Round 1 of 2007 began with the sort of controversy and incompetence that the football world became accustomed to in 2006, as the umpires forgot their tape measures and Shags Grant clearly had his mind on other things as he hit the post from 15 metres out. But this veritable feast of clangers should not be allowed to overshadow the true story of the Roos-Pies match, namely that the Junkyard Mutt, Dean Laidley, was once again taught a lesson by a former tutor of his, this time Mick Malthouse. The Mutt can bark and yelp all he likes about Shagger’s crooked kicking and an umpire who proved that Australiam primary schools really do have a numeracy crisis on their hands. The fact remains that the Mutt blew a 5-goal lead in one quarter to (yet) another team which was more than able to counter his tactical nous.

 

Junkyard Mutt: Going, going...

 

Wayne Carey this week once again called for the purging of the Mutt, and how refreshing it is to see a former player who does not talk in the usual banal platitudes of the average former-player-turned media-commentator  and actually has something interesting to say, as well as the guts to stick by a controversial view. 

 

This week Ricky Nixon described Carey and Michael Voss as "the best of the two fresh faces in football commentary". But contrast Carey’s gutsy stand with the offerings of Voss, who seems set to follow the lead of many other former players by serving up soft-hitting newspaper columns that are eminently bland, predictable and forgettable.

 

For example, Voss’s last two columns have illustrated all that is wrong with the never-express-an-opinion-in-case-I-upset-someone breed of former player media commentary. Last week, despite its shortcomings being clear for all to see, Voss had this to say about the AFL’s policy on recreational drug testing.

“Condemn it? Get stricter? No, let's challenge other sports to meet our standards.”

“…Call me naive if you like, but I thought only three players had tested positive…”

“To learn that we had seven times that number of positive tests, without knowing how many players were involved, says to me that the AFL campaign is working.”

Well Vossy, footballinvective.com is calling you naïve this time. But this week he was at it again when discussing Leigh Matthews’ surprise decision to appoint five (yep 5 – count ‘em) captains of the Lions.

“I’m not going to tell you I’m enamoured with the idea of five captains at the Lions.”

Fair enough. So you would expect him to therefore be against the idea. Well think again, as Voss then went on to say that:

“I fully understand what Leigh Matthews is trying to do: he’s building on the Grant Thomas principle of trying to get more players to be conscious of leading a group in a rebuilding phase.”

Any indication that an AFL coach is following a Grant Thomas policy should set alarm bells ringing, yet for Voss it’s just a shrug of the shoulder and no harsh words lest he upset his former colleagues.
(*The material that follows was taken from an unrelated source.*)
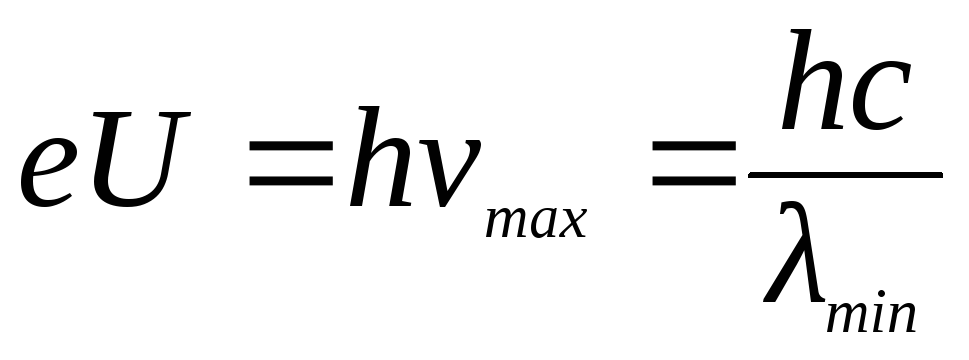 Рентгеновское излучение, возникающее при торможении потока электронов электростатическим полем атома называется тормозным, его спектр является непрерывным. В каждом из спектров наиболее коротковолновое тормозное излучение min возникает тогда, когда энергия, приобретенная электроном в ускоряющем поле, полностью переходит в энергию кванта:

But if he is clearly “not enamoured” with the idea of five captains (and didn’t it just work a treat in all those close finals in which the Thomas Saints blew winning leads) then why doesn’t he just come out and say what he really thinks – and what we all know anyway – that it is just a BAD IDEA.

 

Voss was a great player who never cared about running through anyone he didn’t approve of. Yet now as a commentator he seems to feel he’d better not express to strong a view on anything lest someone disagree. In this case he’s applied the egg to his own face by refusing to even offer a critical word about two of the dumbest policy ideas in modern football, namely the AFL’s drug policy and Grant Thomas’s captaincy policy.

 

The squibbing marshmallow style of Voss is a huge contrast to the style of Wayne Carey who, as he did on the field, comes out swinging fearlessly and flies the flag for whatever opinion he holds. So far this year he has had the guts to ruffle the feathers of his old club and then stand his ground in the face of criticism when he called for the Mutt to be put down. But this week he went one better on the new Channel 9 show “Footy Classified” when he went head-to-head with Caroline Wilson. It was the most entertaining late night TV that footballinvective.com has seen since the demise of “Chances” as Carey (not for the last time, we hope) put Caro right back in her box:

Carey: “Caroline, you’re like a dog with a bone with your stories on Richmond and Carlton, where you get stuck into clubs that you don’t have anything to do with, but then you say I shouldn’t express a view on a club I was involved with and gave pretty good service to over many years”

 

Wilson: “But there’s a difference between expressing an opinion and expressing a really strong opinion”

 

Carey: “And Caroline Wilson never expressed a strong opinion about a club?!?!?”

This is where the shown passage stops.